One of the ways the insurance-linked securities (ILS) and investments market has expanded in recent months is through backing quota share-type arrangements for a range of ceding companies, with this activity now outpacing collateralized reinsurance sidecars and helping to provide capacity to support ILS asset growth.
Quota shares are becoming an increasingly popular way for ILS funds, ILS investors and also asset managers that run strategies that invest in ILS or reinsurance contracts, to access business that has been underwritten and selected by experienced insurer or reinsurer teams.
For some major insurance and reinsurance firms, quota shares have been growing as the market continued to soften in terms of pricing over the last few years.

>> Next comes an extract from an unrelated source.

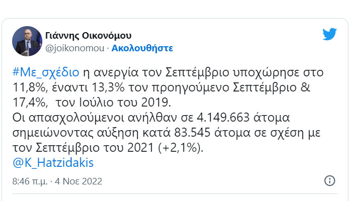 „Безработицата през септември спадна до 11,8%, в сравнение с 13,3% през предходния септември и 17,4% през юли 2019 г. Заетите възлизат на 4 149 663 души, отбелязвайки увеличение от 83 545 души в сравнение със септември 2021 г. (+2,1%)“, пише Янис Иконому.

Following the major catastrophe losses of 2017, a number of re/insurers have significantly increased the sizes of their quota shares, with capital markets investors and ILS players becoming increasingly large backers of the arrangements.
Willis Towers Watson Securities, the capital markets and ILS focused unit of the insurance and reinsurance broker WTW, highlighted this trend in its recent market report, explaining that innovation in the structures of ILS continues to be seen, while at the same time the market is expanding by offering solutions that meet the needs of a broadening range of sponsors and investors.
Quota shares and the growing pool of capital markets and institutional capital backing them are a prime example of this innovation and expansion.
The ILS market has found quota shares a reliable way to build solid relationships with leading ceding insurance and reinsurance firms, with these structures becoming increasingly permanent pieces of the cedants risk transfer arrangements.
A quota share, much like a sidecar, can sit there alongside a balance-sheet as an efficient pool of capital that is willing to both take on a share of the losses suffered, as well as the profits of a re/insurers book of business.
The quota share can expand, or contract, as the re/insurers book grows, with the efficient capital able to help support growth as well as moderate the impact of losses that are suffered.
As a result, in the last year, quota shares have generally been seen to increase in size, as more and more re/insurers use them to support expansion into the slightly better priced U.S. property catastrophe reinsurance marketplace.
Following the 2017 catastrophes most re/insurers have grown this business, but at the same time tried not to retain too much more of it, instead opting to use quota shares to provide capacity to grow, while earning fees for underwriting and managing this business.
WTW Securities notes this growing trend, saying on innovation and broadening of the ways investors can access insurance-linked returns, “One example is the continued growth in ILS backing quota share type arrangements on a semipermanent basis.”
Quota shares backed by the capital markets and ILS investors are not restricted to pure property catastrophe reinsurance either.
“Sources of risk have ranged from insurance portfolios to reinsurance portfolios, to facilities arranged by intermediaries for the benefit of their customers,” WTW explained.
These semi-permanent and growing quota share arrangements are taking over the role of reinsurance sidecars, to a degree, with more growth seen in the quota share arena in recent months.
WTW continued, “While purely tactical sidecars may have not disappeared entirely, they have played next to no role in providing capacity following the 2017 losses.”
Also, WTW does not feel that ILS backed quota shares are going to push out traditional re/insurers from providing this kind of protection, rather feeling that they are complementary in nature.
“New relationships with ILS complement rather than fully replace the relationships protection buyers have long held with insurers and reinsurers,” WTW said.
As we wrote recently, major investors in insurance and reinsurance-linked assets such as mutual fund manager Stone Ridge Asset Management are entering into significant sized quota shares with leading re/insurers.
While this capacity is available and has the appetite to follow the performance of leading re/insurers, companies would be advised to enter into quota shares to utilise efficient, capital markets capacity to support their books and expansion efforts, while also sharing in their loss potential as well.
With specialist ILS funds and reinsurers ILS units also increasingly finding quota shares a lower-friction way to access risk (see Tangency Capital and PartnerRe as examples), compared to underwriting solely through the often competitive renewal cycle, the use of quota shares as a capital tool and loss buffer is likely to expand, with third-party capital a key contributor to that growth.